When you transcribe the listing, keep each line exact and drop the pictures.

-- Source material --

____

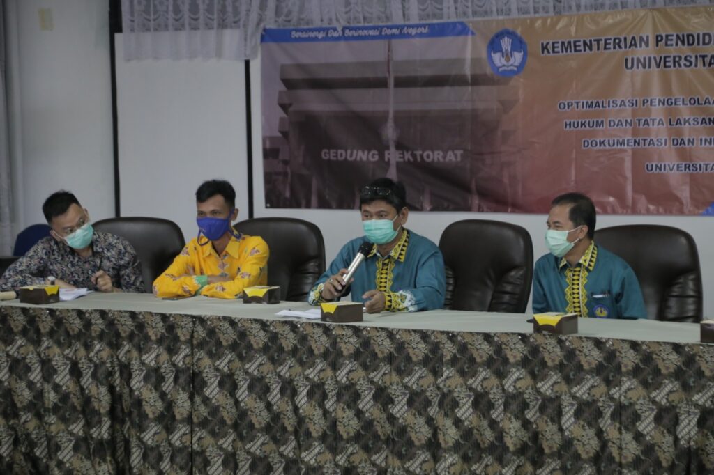 Agenda yang dipusatkan di ruang sidang lantai 4 Rektorat Unila ini dibuka Wakil Rektor Bidang Umum dan Keuangan Dr. dr. Asep Sukohar, M.Kes., didampingi Kepala Biro Umum dan Keuangan Sariman, S.H.
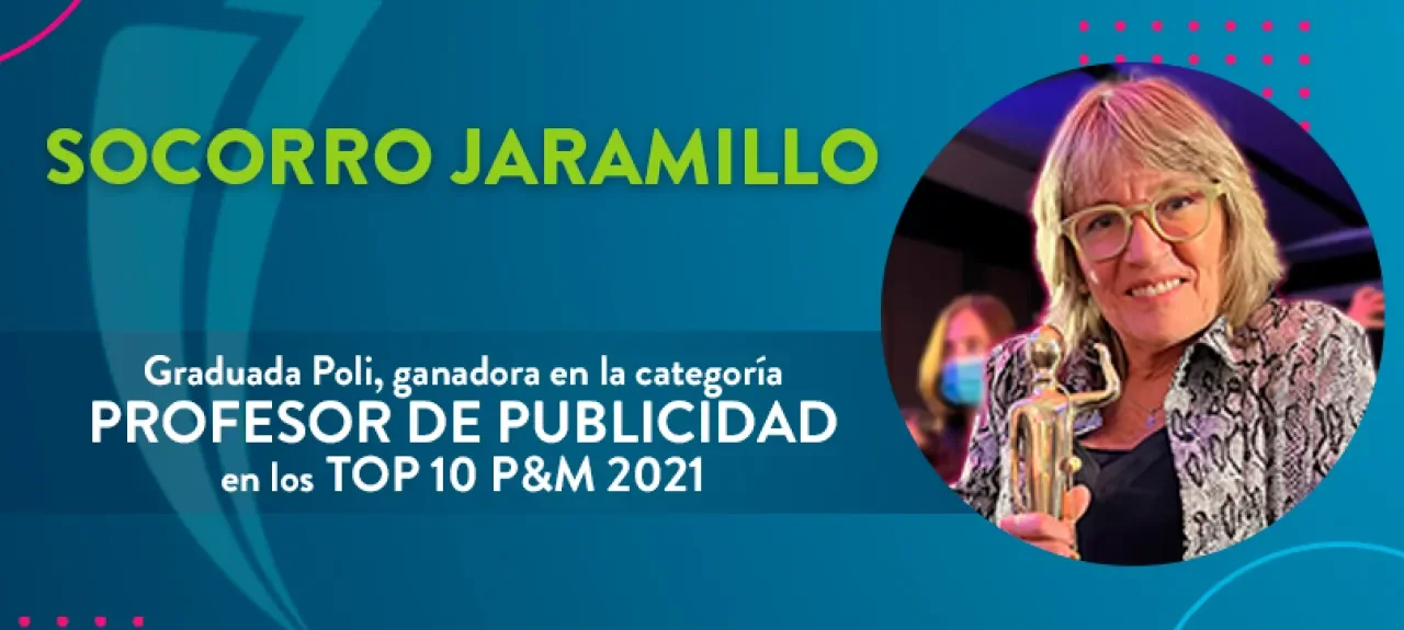 Este año, la Graduada Poli del programa de Mercadeo y Publicidad y la Maestría en Gerencia Estratégica de Mercadeo, Socorro Jaramillo, fue una de las ganadoras de este reconocimiento en la categoría ‘Profesor de Publicidad 2021’.
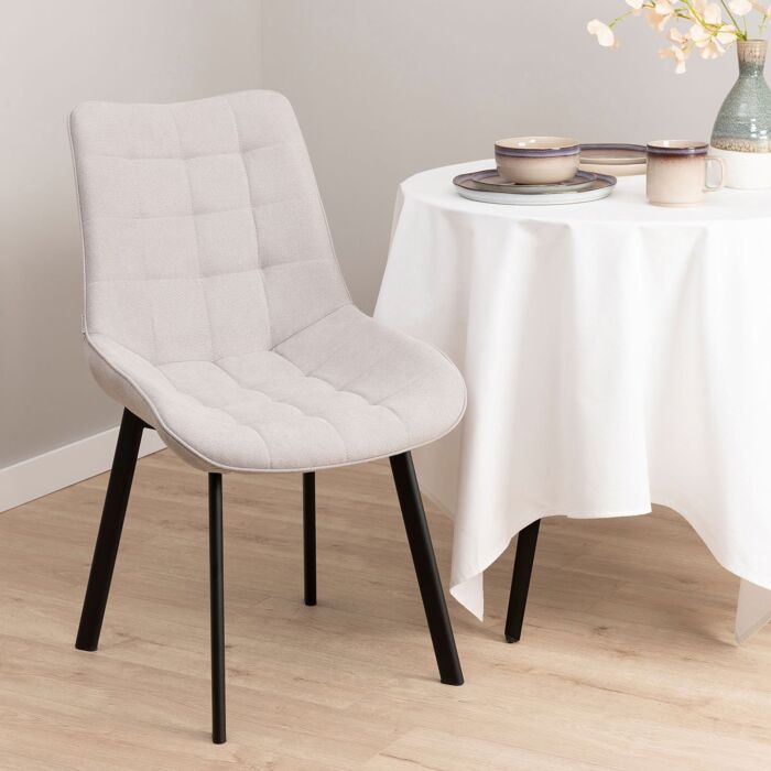Der HOMLA Colin Stuhl überzeugt durch sein ansprechendes Design und seine Funktionalität. Mit seinem attraktiven Stoffbezug in hellgrau und den schicken schwarzen Beinen ist der Stuhl nicht nur ein praktisches Möbelstück, sondern auch ein stilvolles Designelement für Ihr Zuhause.

____

-- Response --
 Agenda yang dipusatkan di ruang sidang lantai 4 Rektorat Unila ini dibuka Wakil Rektor Bidang Umum dan Keuangan Dr. dr. Asep Sukohar, M.Kes., didampingi Kepala Biro Umum dan Keuangan Sariman, S.H.
 Este año, la Graduada Poli del programa de Mercadeo y Publicidad y la Maestría en Gerencia Estratégica de Mercadeo, Socorro Jaramillo, fue una de las ganadoras de este reconocimiento en la categoría ‘Profesor de Publicidad 2021’.
Der HOMLA Colin Stuhl überzeugt durch sein ansprechendes Design und seine Funktionalität. Mit seinem attraktiven Stoffbezug in hellgrau und den schicken schwarzen Beinen ist der Stuhl nicht nur ein praktisches Möbelstück, sondern auch ein stilvolles Designelement für Ihr Zuhause.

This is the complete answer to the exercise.